Charges of bribery, fraud, extortion, obstruction of justice and acting as a foreign agent of Egypt were lodged against Menendez after the FBI in 2022 found gold bars and over $400,000 in cash in the Menendez home “in a safe, in jacket pockets, in shoes, all over the house,” the prosecutor said.

In return for bribes, Pomerantz said, the senator took official acts to aid Fred Daibes, a New Jersey real estate developer; and two other businessmen: Wael Hana and Jose Uribe. Daibes and Hana, who are on trial with Menendez, have pleaded not guilty and their lawyers will deliver openings Thursday. Uribe recently pleaded guilty to charges in a cooperation deal and will testify.

Pomerantz said Menendez also tried to corrupt the U.S. justice system by using his influence to push to nominate a U.S. attorney in New Jersey whom he believed he could influence to protect Daibes from a criminal prosecution.

“This was not politics as usual,” she told the jury. “This was politics for profit, a U.S. senator on the take. ... Menendez put his power up for sale. And Hana and Daibes were more than happy to buy from him.”

Pomerantz said Daibes, in part, delivered gold bars and cash to Menendez and his wife to get the senator to help him secure a multimillion-dollar deal with a Qatari investment fund by acting in ways favorable to Qatar’s government.

She also said Menendez did things benefiting Egyptian officials in exchange for bribes from Hana as the businessman secured a lucrative deal with the Egyptian government to certify that imported meat met Islamic dietary requirements, even though he had no experience in the business.

After the jury went home, the defense requested a mistrial, claiming the government went too far in its opening statement. The judge denied it.

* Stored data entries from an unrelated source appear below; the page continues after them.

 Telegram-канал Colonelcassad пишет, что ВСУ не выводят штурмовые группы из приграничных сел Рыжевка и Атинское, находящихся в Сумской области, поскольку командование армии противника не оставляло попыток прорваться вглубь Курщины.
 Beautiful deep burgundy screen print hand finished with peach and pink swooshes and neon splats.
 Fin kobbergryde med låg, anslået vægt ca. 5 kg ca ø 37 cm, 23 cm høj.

During her opening, Pomerantz said Nadine Menendez has known the businessmen for many years. Weitzman said Menendez had known Daibes for decades.

The prosecutor said the corruption scheme began in 2018, soon after the couple began dating.

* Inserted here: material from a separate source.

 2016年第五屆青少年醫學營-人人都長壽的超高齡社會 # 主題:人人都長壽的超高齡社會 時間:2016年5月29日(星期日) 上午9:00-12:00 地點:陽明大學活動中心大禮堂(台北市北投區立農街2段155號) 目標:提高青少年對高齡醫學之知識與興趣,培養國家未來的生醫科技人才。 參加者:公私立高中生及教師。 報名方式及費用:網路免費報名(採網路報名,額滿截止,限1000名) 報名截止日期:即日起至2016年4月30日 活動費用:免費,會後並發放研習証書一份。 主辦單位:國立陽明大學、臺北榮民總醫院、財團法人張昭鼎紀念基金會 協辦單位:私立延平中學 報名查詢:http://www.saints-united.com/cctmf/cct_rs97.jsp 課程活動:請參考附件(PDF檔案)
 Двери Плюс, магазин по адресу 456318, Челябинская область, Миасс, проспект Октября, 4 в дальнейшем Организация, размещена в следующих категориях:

Pomerantz said Hana recruited the deep-pocketed Daibes because the cash-strapped Hana was unable to quickly afford bribes.

Weitzman called Menendez “an American patriot” and prosecutors “dead wrong.”

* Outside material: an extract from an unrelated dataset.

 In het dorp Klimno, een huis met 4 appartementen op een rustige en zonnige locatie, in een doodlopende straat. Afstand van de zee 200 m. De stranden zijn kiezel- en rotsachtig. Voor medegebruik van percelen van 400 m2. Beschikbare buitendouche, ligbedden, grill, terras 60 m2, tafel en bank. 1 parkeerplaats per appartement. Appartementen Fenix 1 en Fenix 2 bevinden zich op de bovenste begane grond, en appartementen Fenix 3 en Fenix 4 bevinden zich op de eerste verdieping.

He said Menendez “took no bribes and did not accept any cash, or gold, or a car.”

Weitzman added: “He was never and is not a foreign agent of the government of Egypt. He did not violate the law, period.”

Pomerantz, though, said the businessmen showered Menendez and his wife with gifts to ensure Menendez would help them, and evidence will show Daibes' fingerprints and DNA were on cash found in his home.

Weitzman said Daibes' fingerprint was found on only one of hundreds of envelopes belonging to the senator, and was not surprising given the decades that Menendez had known him. All the rest of the fingerprints, he added, were found on envelopes of cash belonging to Nadine Menendez.

The lawyer said the gold bars were in the home because of a “cultural” practice by Nadine Menendez, who was raised in a family from Lebanon that kept gold for financial safety and to give as gifts.

Menendez's family, which fled Cuba before he was born, had lost its life savings except for cash hidden in their home, Weitzman said.

As a result, he said, Menendez had been storing hundreds of dollars in cash a week for decades to store at home, keeping much of it in bags in the home's basement.

“You will not see any fingerprints and any DNA on the senator’s cash. Every fingerprint and DNA was found in his wife’s closet or in her safe deposit box at a bank,” Weitzman said.

Weitzman said there was nothing unusual or wrong about Menendez's dealings with Egypt and Qatar because senators must engage in diplomacy and help constituents. He noted that Menendez was tough on Egypt, including its president, over its human rights record.

The trial represents the second time Menendez has been criminally charged in a federal court in the last decade.

In 2017, a federal jury deadlocked on corruption charges brought in New Jersey, and prosecutors did not seek to retry him.